Chemical Forums
Chemistry Forums for Students => Organic Chemistry Forum => Organic Chemistry Forum for Graduate Students and Professionals => Topic started by: Babcock_Hall on May 11, 2023, 09:59:09 PM
-
In the literature from 1998 is a protocol for a reaction involving diethyl methylphosphonate, 2.2 equivalents of LiHMDS, phenylsulfonylfluoride, to produce phenylsulfonylphosphonate within 90 minutes at room temperature (the authors do not discuss whether or not they took a time point in less than 90 minutes). The reagents are added successively at -78 °C, and the reaction is then allowed to warm to room temperature. I performed this reaction, and the crude product had the appropriate chemical shift of roughly 11 ppm (it was a test reaction, and I did not purify the product). I tried the analogous reaction with dimethylsulfamoyl fluoride on a small scale. After roughly 32 hours, I quenched an aliquot with HOAc, removed volatiles, and took a P-31 NMR. I saw a single peak near 31 ppm, which is within a ppm of one published value for diethyl methylphosphonate and about 20 ppm away from a typical sulfonyl phosphonate. I expected that the sulfamoyl fluoride would be slower, but I have little to judge on how much slower. The LiHMDS was old but was unopened.

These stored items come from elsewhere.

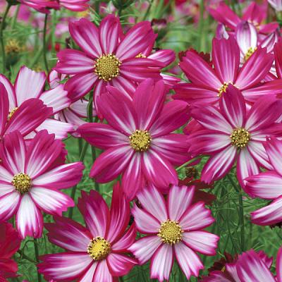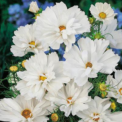 Космос 'Махровое чудо' (РС) или 'Дабл клик Роуз бон-бон' (Русский огород), сфотографированный в фас и в профиль, собирает только восторги. Действительно, он очень красивый! Однако если полистать подборку фото тщательней, можно найти изображения растений в полный рост. На них видно, что супермахровые цветы слишком тяжелые, стебли космоса ломаются. Я бы предпочла полумахровые сорта 'Псише' (Русская дача) или 'Косимо коларетте' (Русский огород), они еще и зацветают раньше других.
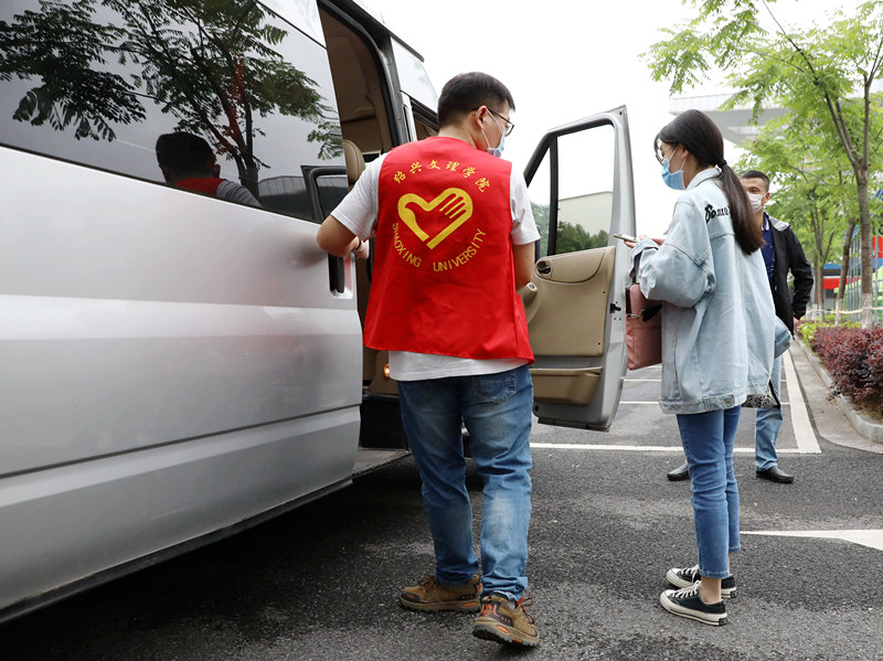 “学校的接站安排做得非常细致到位,老师们穿着红色的马甲,很醒目,还举着学校的牌子,一出大厅就能看到。有体温检测、还配备了消毒湿巾,防护很到位。”土木工程学院工程造价171班侯佳奇表示,“下了车就是公寓,非常方便,真正体会到了一种‘回家’的亲切。”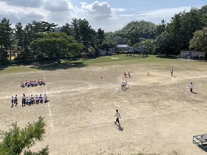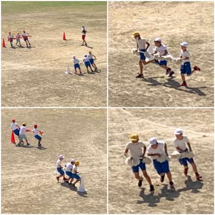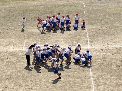 3・5年生ペア種目「台風の目」の2回目の練習です。暑さにも負けず、頑張っています!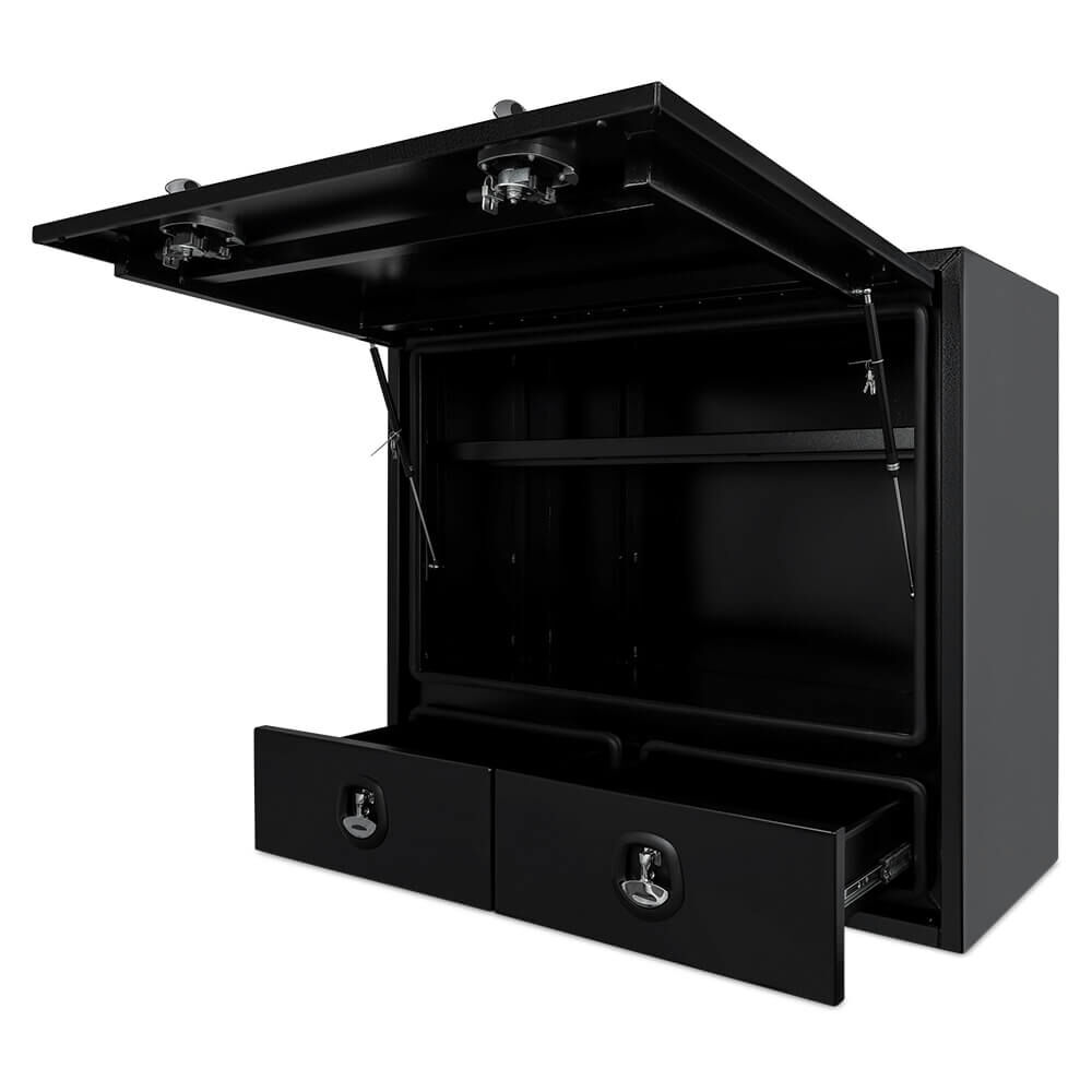 Truck Box Half Lid 2 External Drawers Pro-Series 1400mm x 600mm x 1200mm OZY-1461FP-2D-B Black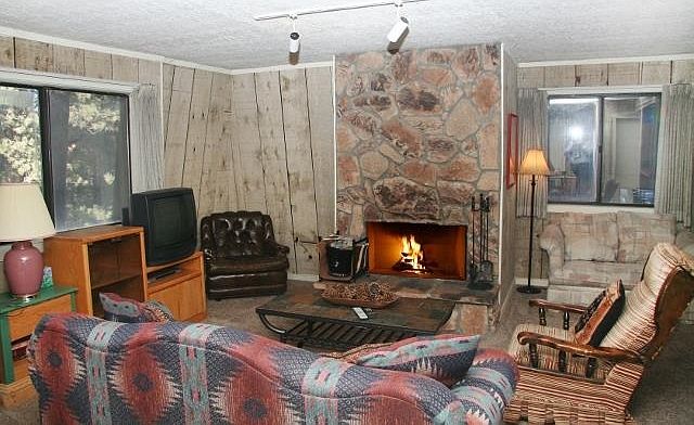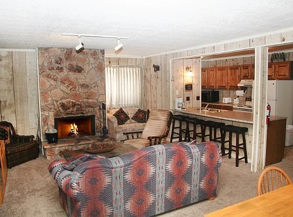 GREAT PRICE!! Spacious Two bedroom condo with large open plan living/dining/kitchen that is the selling feature of this condo. There are two bedrooms and two bathrooms. The bedrooms have access to the back deck and a large covered deck in the front has views of the forest. This unit is on the second floor allowing for unobstructed views to the forest from the deck. New kitchen counter tops, carpet and pergo style wood flooring in the entire unit. This condo is furnished and ready for you to move in and start enjoying mountain living.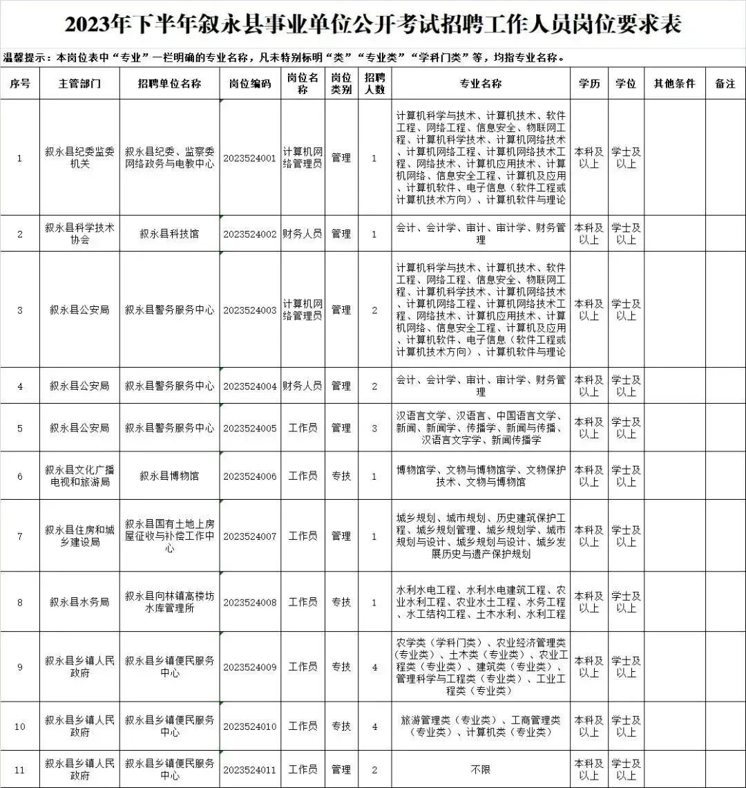 叙永县事业单位2023年下半年拟面向社会公开招聘22名事业单位工作人员。
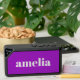 Cute bluetooth speaker featuring your monogram name in trendy bold white typography on a bright purple background. You can adjust the size of the text in the design tool for shorter or longer names.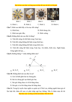 Câu 7. Hình sao dưới đây có ba trục đối xứng? A. Hình thoi; B. Hình thang cân; C. Hình tam giác đều; D. Hình vuông.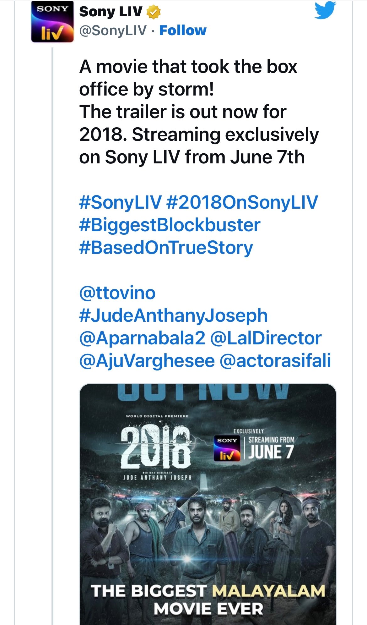 The all-time biggest blockbuster of Malayalam cinema, 2018 will be available to stream on SonyLIV from June 7. Even as the film is doing well in theatres, the streaming platform has decided to release it.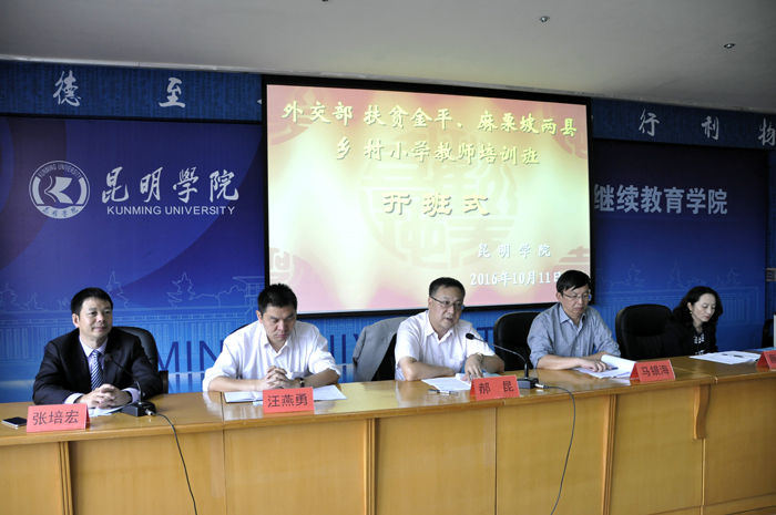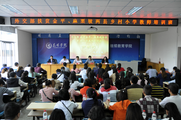10月11日,2016年外交部扶贫金平、麻栗坡两县乡村小学教师培训班开仪式在yl23455永利官网继续教育学院举行。云南省人民政府外事办公室副主任郝昆、yl23455永利官网副校长马银海、省外办国际交流处处长汪燕勇、省外办人事处副处长蔡秋雁、省外办外事培训中心副主任刘芸出席开班仪式。省政府外事办及yl23455永利官网继续教育学院相关职能部门的同志、金平与麻栗坡两县的100位乡村小学教师一起参加了开班式。开班式由yl23455永利官网继续教育学院主持工作副院长张培宏同志主持。

The majority of the test reaction is still unquenched and I could simply let it stir for a week (nothing is likely to happen IMO), or I could try to reflux. The only other two things I can think of are to use a stronger base and to use the opposite synthetic disconnection. Thoughts?
-
Sulfamoyl is very different, not analogous to phenyl. The base seems to work so problem is somewhere else I think.
-
I tried heating (the oil bath was at 70 °C) for about seven hours and took another time point. The S/N for the phosphorus spectrum was low. Neither the P-31 spectrum nor the H-1 spectrum showed evidence of a substantial completion reaction, in a preliminary analysis of the data. It is possible that a small amount of product was formed. My tentative conclusion is that the sulfamoyl fluoride is quite a bit less reactive than a sulfonyl fluoride. I was expecting some decrease in reactivity, but not this much. I have worked out a couple of other disconnections to the target molecule, but I will pursue some other chemistry first and come back to this part of the project later on.
-
Besides the reduced electronic reactivity of a sulfamoylfluoride versus a sulfonyl fluoride, it occurs to me that there might be a bit of steric occlusion from the two methyl groups on nitrogen.
-
Can you buy the chloride? The fluoride might be very unreactive, as you point out, the nitrogen donates electrons to the sulphonyl, very much so.
-
I did some additional searching using SciFinder, and the sulfamoyl chloride is commercially available.. Although I did not find as much as I was hoping on the conversion of the sulfamoyl chloride, I did find a protocol that used a different disconnection to the very compound that I wish to make. This strategy uses n-BuLi to deprotonate the sulfonamide, which then attacks diethyl chlorophosphate. I am not sure how I missed this reference previously.
-
Great! We do miss things like this, now you have a method, lets not be to hard on ourselves.